Page History: My data is on multiple pages, how can I join it together into one table?
Compare Page Revisions
Page Revision: 2007/06/21 20:18
If data is on different pages of a site, this means you have to use different datapages and therefore separate tables. (in some very rare instances you can write to the same table from several datapages, but this would mean you were scraping the exact same information from different page formats, which is not what would happen in this scenario)
So how do you join the data back together after its scattered to two or more tables? The short answer is by using SQL Joins. Assuming the pages are somehow linked together, we can use the information about those links that we scraped to join the tables together. Imagine the following scenario of three datapages:
Main Page Datapage
SQL Table Name: Main
Fields: f1, f2, f3, Link1, Link2, META_SRC_URI
First Additional Datapage
SQL Table Name: Details1
Fields: f1, f2, META_SRC_URI
Second Additional Datapage
SQL Table Name: Details2
Fields: f1, f2, META_SRC_URI
Link1 and Link2 form the main datapage lead to the two additional pages. The META_SRC_URI field is a META tag that indicates the URL where the data originated from.
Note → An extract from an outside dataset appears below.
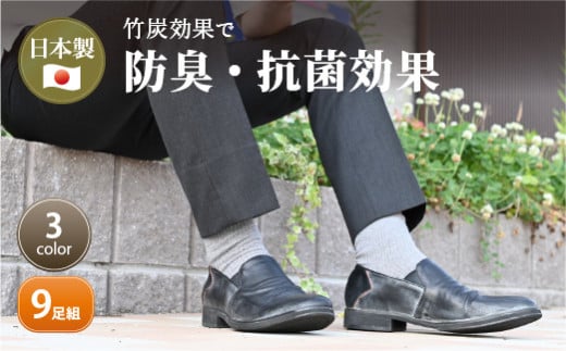 竹紀行カジュアルソックス(3色9足)《 防臭 抗菌 保温 ブラック 9足組 ギフト 高機能ソックス 》【2402T02311】

In the query editor you would do this to join things together:
SELECT Main.f1
, Main.f2
, Main.f3
, Details1.f1 as f4
, Details1.f2 as f5
, Details2.f1 as f6
, Details2.f2 as f7
, Main.META_SRC_URI as MainPageSourceLocation
, Details1.META_SRC_URI as Details1SourceLocation
, Details2.META_SRC_URI as Details2SourceLocation
FROM Main
INNER JOIN Details1 ON Main.Link1 = Details1.META_SRC_URI
INNER JOIN Details2 ON Main.Link2 = Details2.META_SRC_URI